(Your objective) Using the entries below, copy exactly each line from the line with "Marketing & Communications Office" up to and including the line with "Art students visit the Art Gallery of NSW", with every picture left out.

(Dataset content)
· · ·
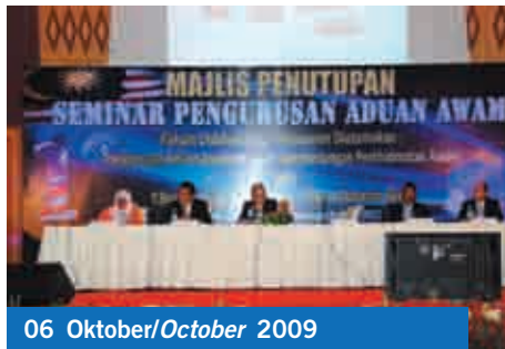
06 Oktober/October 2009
· · ·
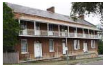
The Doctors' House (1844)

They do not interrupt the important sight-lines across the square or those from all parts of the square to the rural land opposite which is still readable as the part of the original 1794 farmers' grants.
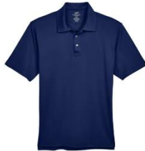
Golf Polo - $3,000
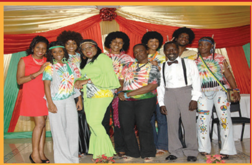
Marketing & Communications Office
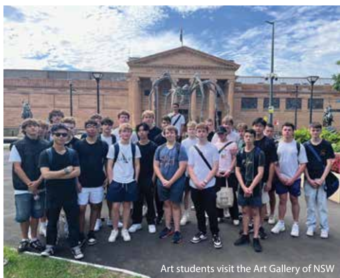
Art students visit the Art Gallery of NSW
· · ·
(Exercise response)
Marketing & Communications Office
Art students visit the Art Gallery of NSW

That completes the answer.